- **Input data**:
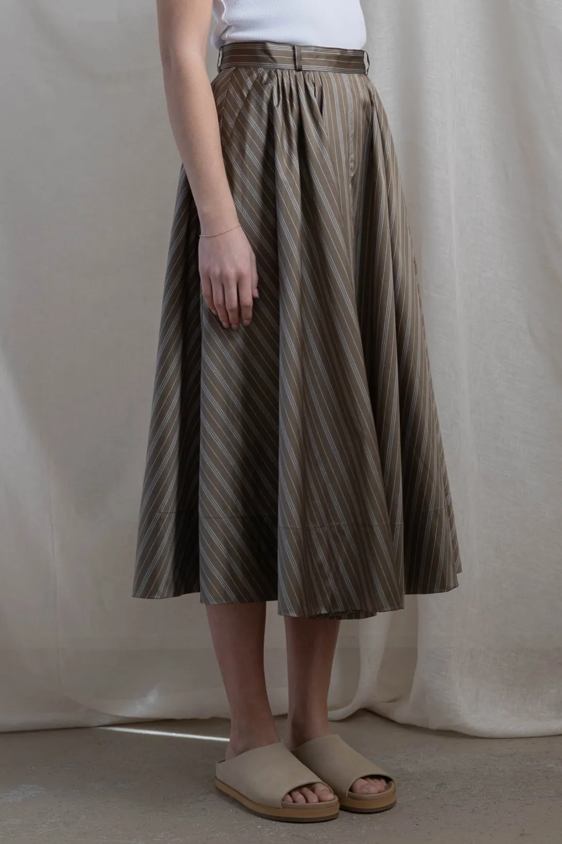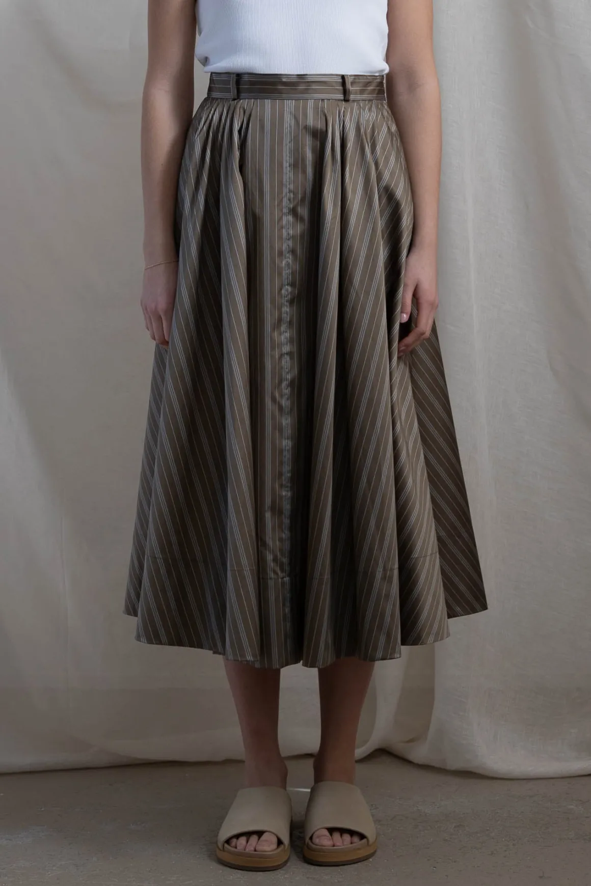 Novo-skjørtet fra MKDT er et midi-skjørt med bredt plissert liv og en lett utsvingt silhuett som gir fint fall og bevegelse. Det stripete stoffet har en diskré glans og en myk, glatt struktur som føles behagelig mot huden. Skjørtet har fast linning foran, elastikk bak og praktiske stikklommer i sidene.
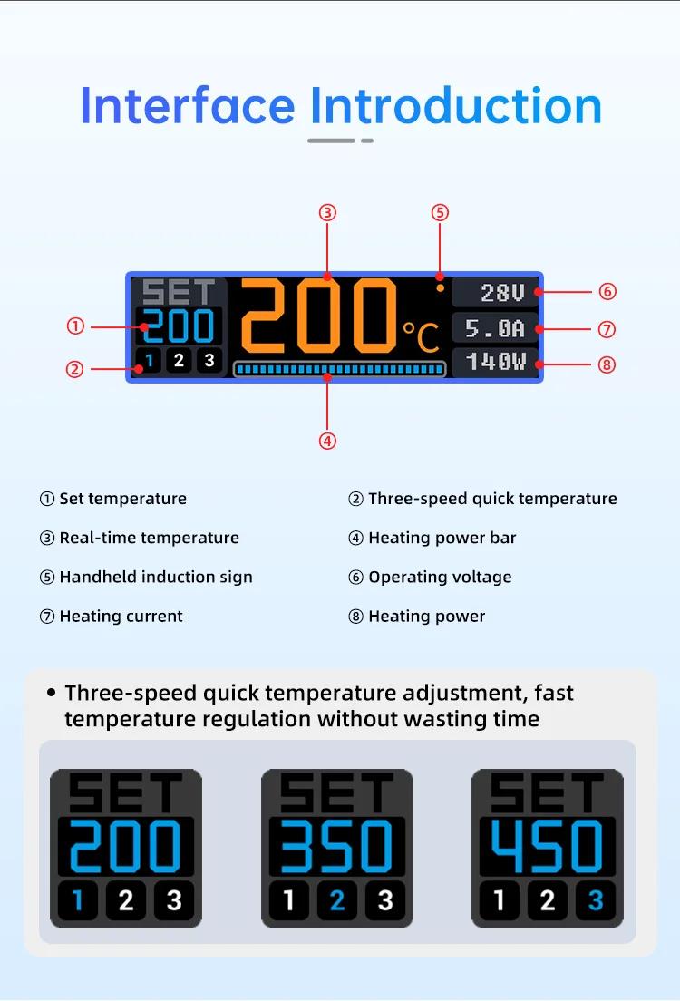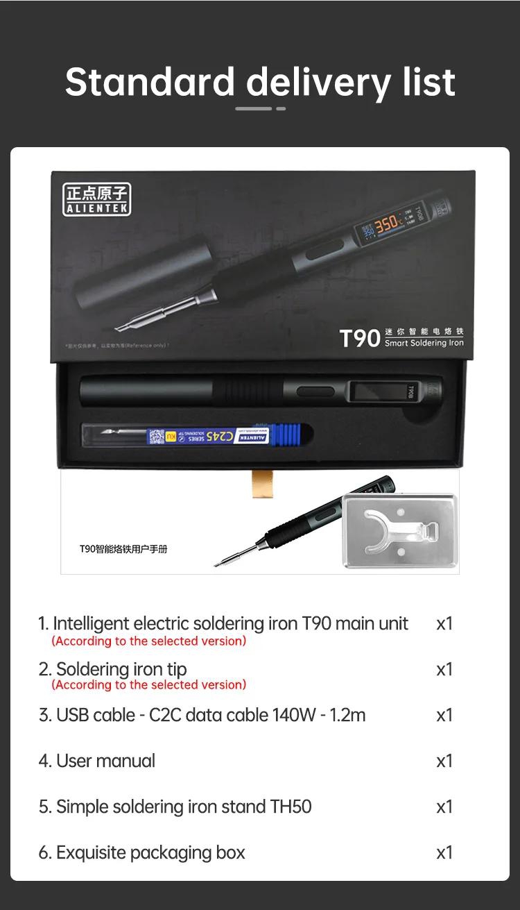 T90B (T245 Tip) Portable Intelligent Soldering Iron IPS LCD Screen 18-140W Soldering Pen with PD 140W Adapter + T245-K/I/IS Tips
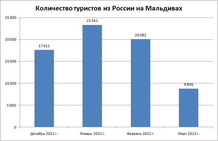 После 8 марта, когда были прекращены прямые рейсы, прибытия (уже с использованием только стыковочных рейсов) существенно упали – в день на Мальдивы до конца марта прилетали в среднем уже только 150-200 туристов из РФ.
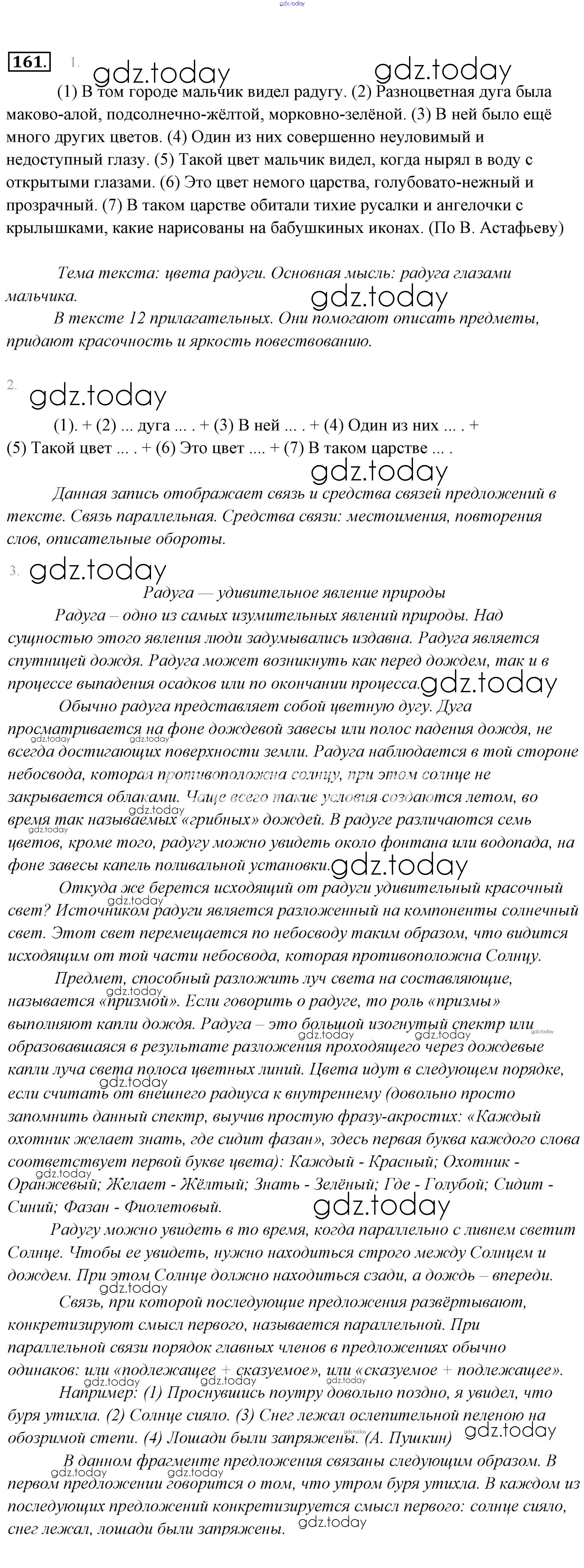 На страницах сайта gdz.today вы найдете учебный и вспомогательный материал, направленный на улучшения знаний школьной программы. ГДЗ - онлайн мир знаний Решение к упражнениям 161 Учебнику по Русскому языку для 6 класса Львова, Львов Мнемозина 2013

- **How to complete this task**:
Write out the whole listing verbatim, images excluded.

- **Response to the exercise**:
 Novo-skjørtet fra MKDT er et midi-skjørt med bredt plissert liv og en lett utsvingt silhuett som gir fint fall og bevegelse. Det stripete stoffet har en diskré glans og en myk, glatt struktur som føles behagelig mot huden. Skjørtet har fast linning foran, elastikk bak og praktiske stikklommer i sidene.
 T90B (T245 Tip) Portable Intelligent Soldering Iron IPS LCD Screen 18-140W Soldering Pen with PD 140W Adapter + T245-K/I/IS Tips
 После 8 марта, когда были прекращены прямые рейсы, прибытия (уже с использованием только стыковочных рейсов) существенно упали – в день на Мальдивы до конца марта прилетали в среднем уже только 150-200 туристов из РФ.
 На страницах сайта gdz.today вы найдете учебный и вспомогательный материал, направленный на улучшения знаний школьной программы. ГДЗ - онлайн мир знаний Решение к упражнениям 161 Учебнику по Русскому языку для 6 класса Львова, Львов Мнемозина 2013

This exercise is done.